Quote from: Iceologist
transgenderism ...

... is a term that's sometimes used by TERFs, "gender criticals" and transmedicalists that a lot of trans folks aren't the biggest fan of - FYI! the "trans experience" and "being trans" is a more approachable way to talk about things without the negative connotations. these terms change diachronically - like all things - in the same way that some trans folks still identify as transsexuals instead of being transgender. i'm saying all this because it's good to be in the know and respect the wishes of whoever you're talking to.

Quote from: Iceologist
... primary goal for people with gender dysphoria ...

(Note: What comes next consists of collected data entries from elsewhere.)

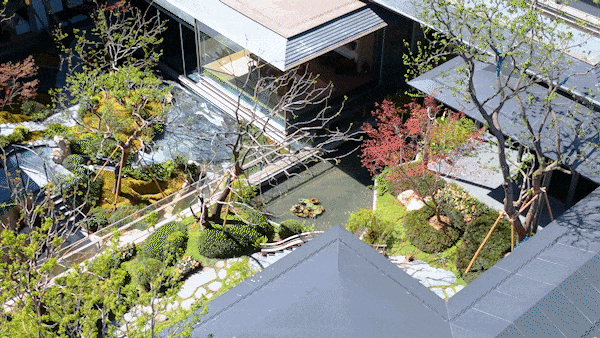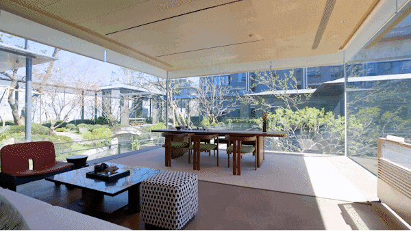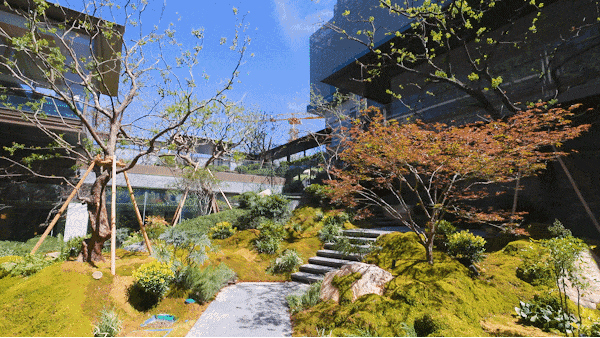 立体庭院,感受一步一景的山水画境 :风雨连廊漫步,耳畔是流水淙淙,眼前是叠石苍松。约460㎡下沉庭院不像景观,更像一幅您就在其中的立体宋画,一草一木,都可触摸、可对话。
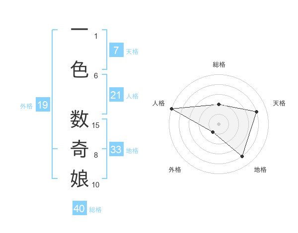 一色 数奇娘さんを姓名の画数から五運を鑑定
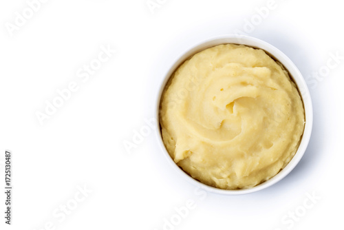 Mashed potatoes in white bowl isolated on white background. Top view. Copy space
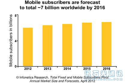 移動用戶數(shù)——包括GSM, W-CDMA, LTE, TD-SCDMA, cdmaOne, CDMA2000,預計在2012年將突破60億大關,2016年將達70億。

gender euphoria is a thing too! popular media sources push a(n often misrepresentative) narrative that all trans people know from a very young age that they were "born in the wrong bodies" and feel the need to undergo gender affirming care to feel better about themselves. this isn't true of everyone.

for me, gender euphoria was the key to discovering that i was trans. i was crossdressing at home for many years before i identified as trans (unfortunately i was a little transphobic because of how i was raised); only when i started publicly presenting femininely did i realized that i felt happier, and subsequently came to learn that the depression i had been struggling with for many years was inexorably tied to my gender identity, amongst other things. if it weren't for the patience of a few trans friends and my partner, i would probably be in a far worse state than i am now, yet i would never have connected my mental health with being transgender.

Quote from: Iceologist
... it feels less headache inducing if we just simply tried to eliminate sexism in our societies instead ...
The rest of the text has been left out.